**Task item**
When the data below is printed, every line must match exactly and the images must be absent.

**Data below**
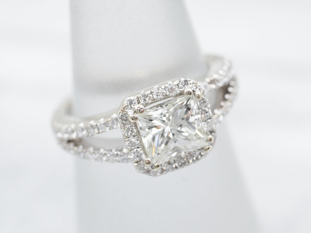 Although thoroughly modern, the slim lines and diamond-encrusted aura of this setting have a definite Edwardian Era aura! Glittering from every angle, the small size of the accent diamonds keep the piece from being ostentatious, instead simply accenting the beauty of the stunning modern princess cut center diamond. A wonderful combination of classic lines and contemporary style, this lovely ring will make a wonderful engagement piece for a lady who loves glitter with sophisticated air!
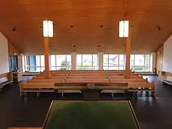 Der Zugang zum Kirchenraum erfolgt über einen Anbau von 1972 im Nordosten der Kirche. Hier befinden sich ein kleiner Saal und ein Foyer, an dessen Wand ein von ortsansässigen Frauen gestickter allegorischer Wandteppich hängt.
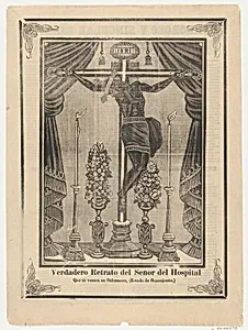 Broadsheet relating to Our Lord of the Hospital (Salamanca, Guanajuato) on a crucifix on an altar

**Output below**
 Although thoroughly modern, the slim lines and diamond-encrusted aura of this setting have a definite Edwardian Era aura! Glittering from every angle, the small size of the accent diamonds keep the piece from being ostentatious, instead simply accenting the beauty of the stunning modern princess cut center diamond. A wonderful combination of classic lines and contemporary style, this lovely ring will make a wonderful engagement piece for a lady who loves glitter with sophisticated air!
 Der Zugang zum Kirchenraum erfolgt über einen Anbau von 1972 im Nordosten der Kirche. Hier befinden sich ein kleiner Saal und ein Foyer, an dessen Wand ein von ortsansässigen Frauen gestickter allegorischer Wandteppich hängt.
 Broadsheet relating to Our Lord of the Hospital (Salamanca, Guanajuato) on a crucifix on an altar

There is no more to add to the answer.